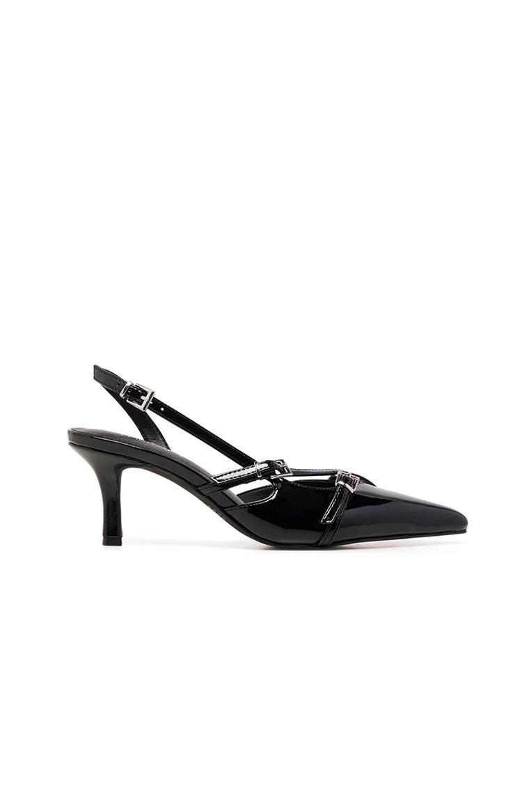 Juicy Black Patent Slingback Heels by TherapyHow to style:Elevate any look with the Juicy Slingback Heels by Therapy. Whether its walking into the office or on a night out, these shoes add a touch of elegance and sophistication to your outfit. Pair with gold jewellery for a completed outfit.Features: Slingback Pump Design Closed Pointed Toe Kitten Heel Round Topline Heel Strap with Adjustable Buckle Fastening Thin Crossover Upper Straps with Buckle Detail
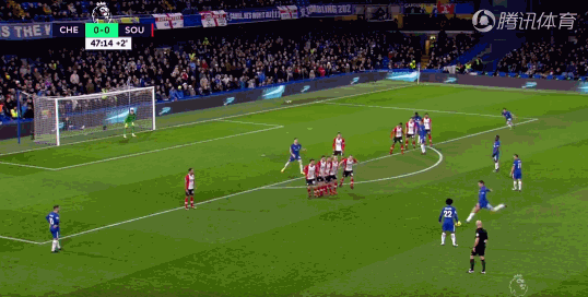 首先来看阿隆索的进球。上半场比赛伤停补时第3分钟,切尔西获得禁区前沿的任意球机会,虽然南安普敦非常谨慎的排好了人墙,但威廉虚晃一枪,阿隆索跟上左脚直接抽射,皮球绕过人墙钻入了球门左下角。福斯特本场比赛多次做出神勇扑救,但面对阿隆索的这次射门,他纵然扑对了方向也是无可奈何。
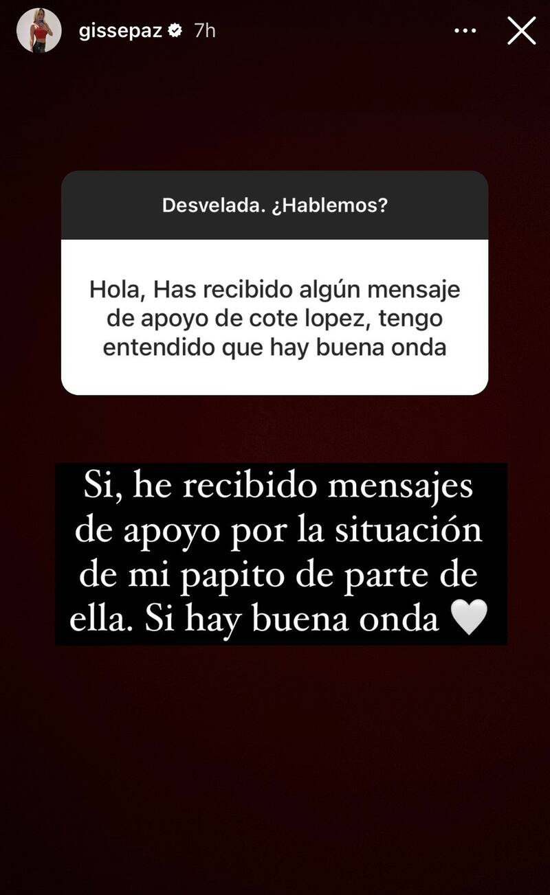 Eso sí, hubo una inesperada pregunta que le llegó y que decidió responder. En concreto, un usuario le consultó si Cote López, con quien tuvo una polémica de aquellas hace un par de años producto del vínculo que tuvo esta última con Mauricio Pinilla en el recordado episodio del “Rey León”, le había enviado algún mensaje relacionado con el momento de su progenitor.
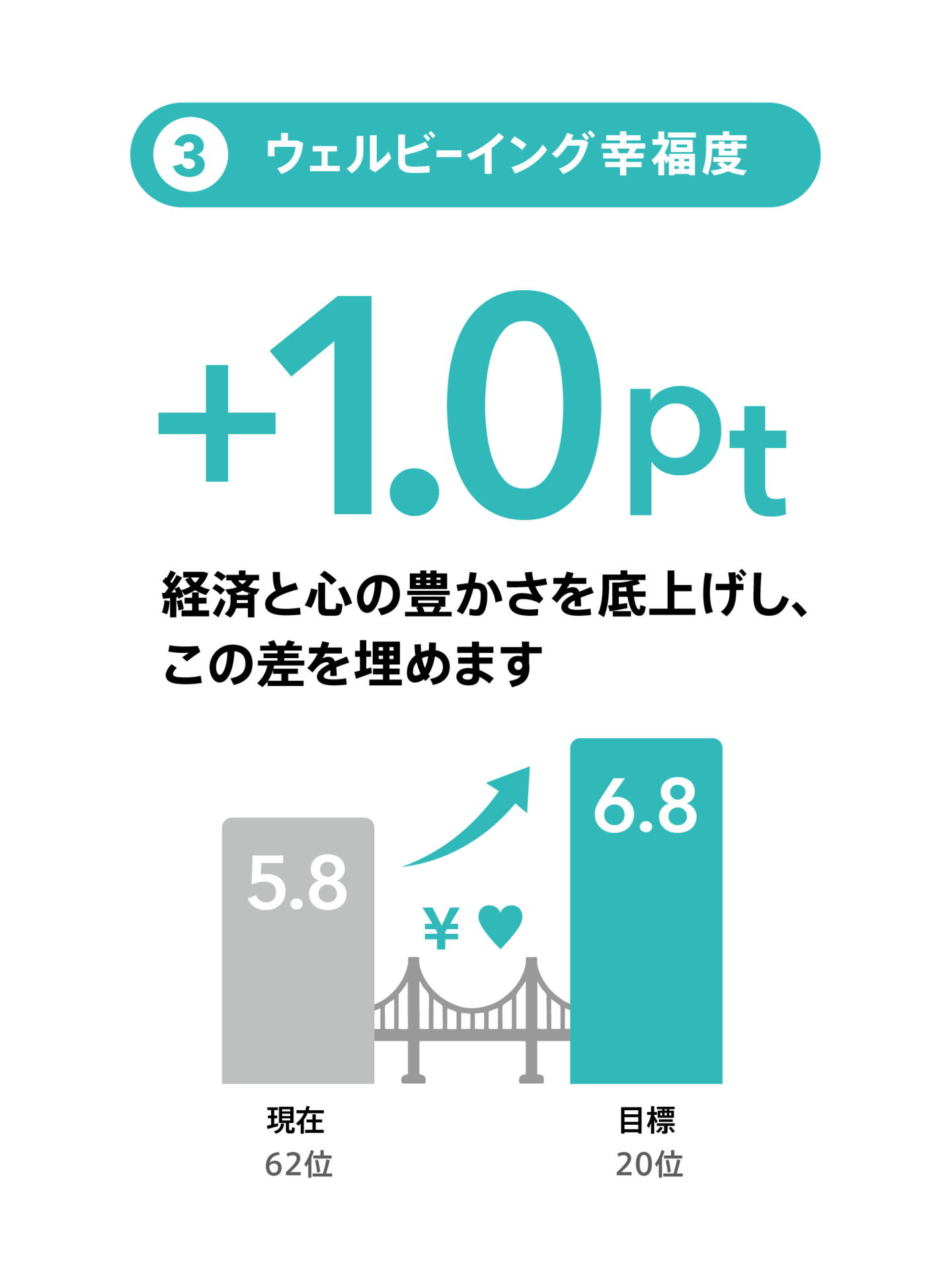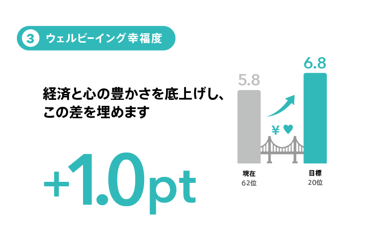 目指すのは、日本の幸福度を世界20位へ引き上げること。
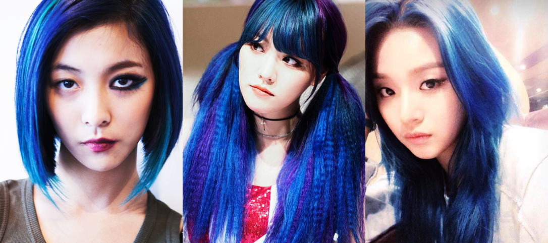 E quem disse que azul é cor de menino? As garotas arrasam com essa cor SIM, e ai de quem reclamar! Para o MV de "Red Light", Luna marcou presença com o cabelo esbanjando muita cor e poder! Essa gata só me destrói. Lime, do Hello Venus, ousou um pouquinho mais para "I'm Ill" e misturou o azulão com umas mechas roxas, que só poderia resultar em sucesso, né? E apesar de ser muito talentosa, minha queridinha Z.Hera é praticamente uma desconhecida no K-Pop. Durante as promoções de "D Island", ela apostou num cabelão super azul que destacou ainda mais sua beleza.
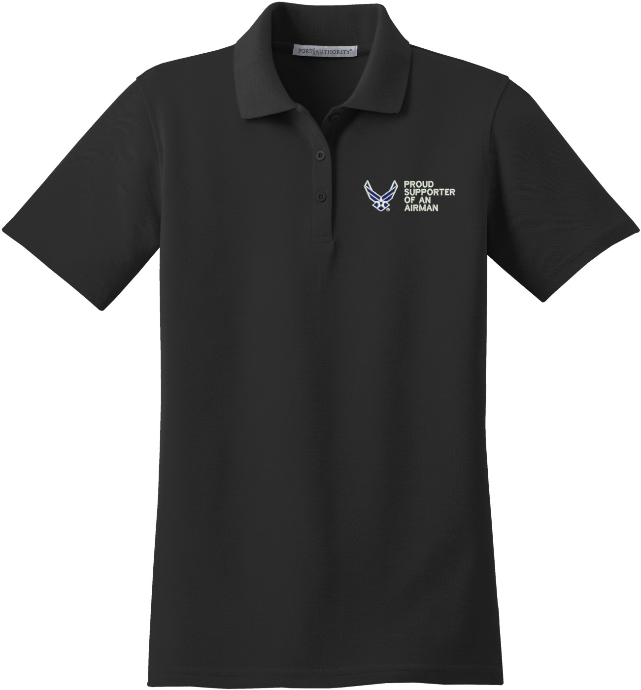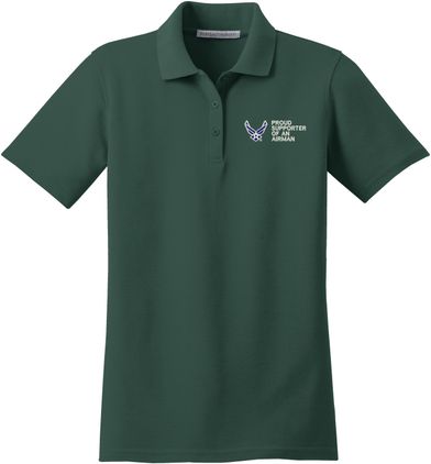 MilitaryBest is proud to offer this Proud Supporter of an Airman U.S. Air Force Women's Stain-Release Polo. This polo is embroidered by our MilitaryBest team in Northeast Alabama. These polos are made with a stain-release finish for long-lasting wear, odor-fighting properties, and superior wrinkle and shrink resistance.Care Instructions: Machine Wash Cold With Like Colors. Do Not Use Fabric Softener. Do Not Bleach. Tumble Dry Low. Warm Iron If Necessary.
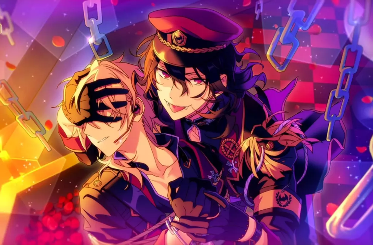 这是一则《偶像梦幻祭》相关内容,展示了角色朔间零和对他抱有负面态度的角色共同演绎歌曲《恋心收藏家》的舞台画面,呈现了该歌曲的表演场景。
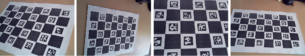 To calibrate using a ChArUco board, it is necessary to detect the board from different viewpoints, in the same way that the standard calibration does with the traditional chessboard pattern. However, due to the benefits of using ChArUco, occlusions and partial views are allowed, and not all the corners need to be visible in all the viewpoints.
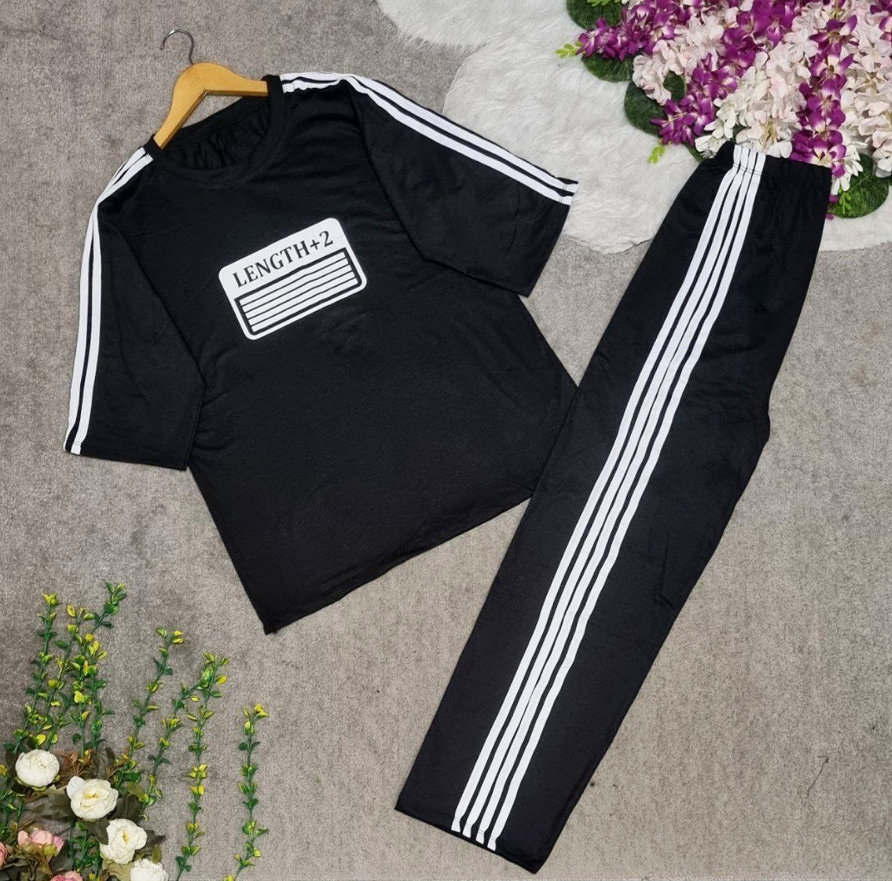 💎 نام: ست تیتک 📋 توضیحات: قد 70 دورسینه 110 استین از کنار یقه 46 شلوار حدود 103 کشی و راحت و شیک 💎 جنس: اسپان 💎 رنگ بندی: مشکی ⚜️ سایز ها: فری38تا48
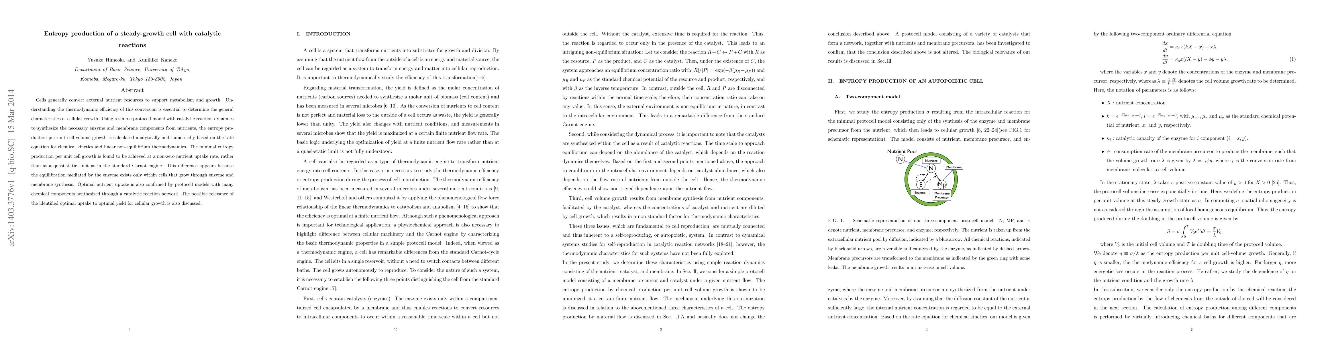 Cells generally convert external nutrient resources to support metabolismand growth. Understanding the thermodynamic efficiency of this conversion is essential to determine the general characteristics of cellular growth. Using a simple protocell model with catalytic reaction dynamics to synthesize the necessary enzyme and membrane components from nutrients, the entropy production per unit cell-volume growth is calculated analytically and numerically based on the rate equation for chemical kinetics and linear non-equilibrium thermodynamics. The minimal entropy production per unit cell growth is found to be achieved at a non-zero nutrient uptake rate, rather than at a quasi-static limit as in the standard Carnot engine. This difference appears because the equilibration mediated by the enzyme exists only within cells that grow through enzyme and membrane synthesis. Optimal nutrient uptake is also confirmed by protocell models with many chemical components synthesized through a catalytic reaction network. The possible relevance of the identified optimal uptake to optimal yield for cellular growth is also discussed.

Work instructions -> What you return should be all of the material above, exactly, and none of its pictures.

Task response ->
 Juicy Black Patent Slingback Heels by TherapyHow to style:Elevate any look with the Juicy Slingback Heels by Therapy. Whether its walking into the office or on a night out, these shoes add a touch of elegance and sophistication to your outfit. Pair with gold jewellery for a completed outfit.Features: Slingback Pump Design Closed Pointed Toe Kitten Heel Round Topline Heel Strap with Adjustable Buckle Fastening Thin Crossover Upper Straps with Buckle Detail
 首先来看阿隆索的进球。上半场比赛伤停补时第3分钟,切尔西获得禁区前沿的任意球机会,虽然南安普敦非常谨慎的排好了人墙,但威廉虚晃一枪,阿隆索跟上左脚直接抽射,皮球绕过人墙钻入了球门左下角。福斯特本场比赛多次做出神勇扑救,但面对阿隆索的这次射门,他纵然扑对了方向也是无可奈何。
 Eso sí, hubo una inesperada pregunta que le llegó y que decidió responder. En concreto, un usuario le consultó si Cote López, con quien tuvo una polémica de aquellas hace un par de años producto del vínculo que tuvo esta última con Mauricio Pinilla en el recordado episodio del “Rey León”, le había enviado algún mensaje relacionado con el momento de su progenitor.
 目指すのは、日本の幸福度を世界20位へ引き上げること。
 E quem disse que azul é cor de menino? As garotas arrasam com essa cor SIM, e ai de quem reclamar! Para o MV de "Red Light", Luna marcou presença com o cabelo esbanjando muita cor e poder! Essa gata só me destrói. Lime, do Hello Venus, ousou um pouquinho mais para "I'm Ill" e misturou o azulão com umas mechas roxas, que só poderia resultar em sucesso, né? E apesar de ser muito talentosa, minha queridinha Z.Hera é praticamente uma desconhecida no K-Pop. Durante as promoções de "D Island", ela apostou num cabelão super azul que destacou ainda mais sua beleza.
 MilitaryBest is proud to offer this Proud Supporter of an Airman U.S. Air Force Women's Stain-Release Polo. This polo is embroidered by our MilitaryBest team in Northeast Alabama. These polos are made with a stain-release finish for long-lasting wear, odor-fighting properties, and superior wrinkle and shrink resistance.Care Instructions: Machine Wash Cold With Like Colors. Do Not Use Fabric Softener. Do Not Bleach. Tumble Dry Low. Warm Iron If Necessary.
 这是一则《偶像梦幻祭》相关内容,展示了角色朔间零和对他抱有负面态度的角色共同演绎歌曲《恋心收藏家》的舞台画面,呈现了该歌曲的表演场景。
 To calibrate using a ChArUco board, it is necessary to detect the board from different viewpoints, in the same way that the standard calibration does with the traditional chessboard pattern. However, due to the benefits of using ChArUco, occlusions and partial views are allowed, and not all the corners need to be visible in all the viewpoints.
 💎 نام: ست تیتک 📋 توضیحات: قد 70 دورسینه 110 استین از کنار یقه 46 شلوار حدود 103 کشی و راحت و شیک 💎 جنس: اسپان 💎 رنگ بندی: مشکی ⚜️ سایز ها: فری38تا48
 Cells generally convert external nutrient resources to support metabolismand growth. Understanding the thermodynamic efficiency of this conversion is essential to determine the general characteristics of cellular growth. Using a simple protocell model with catalytic reaction dynamics to synthesize the necessary enzyme and membrane components from nutrients, the entropy production per unit cell-volume growth is calculated analytically and numerically based on the rate equation for chemical kinetics and linear non-equilibrium thermodynamics. The minimal entropy production per unit cell growth is found to be achieved at a non-zero nutrient uptake rate, rather than at a quasi-static limit as in the standard Carnot engine. This difference appears because the equilibration mediated by the enzyme exists only within cells that grow through enzyme and membrane synthesis. Optimal nutrient uptake is also confirmed by protocell models with many chemical components synthesized through a catalytic reaction network. The possible relevance of the identified optimal uptake to optimal yield for cellular growth is also discussed.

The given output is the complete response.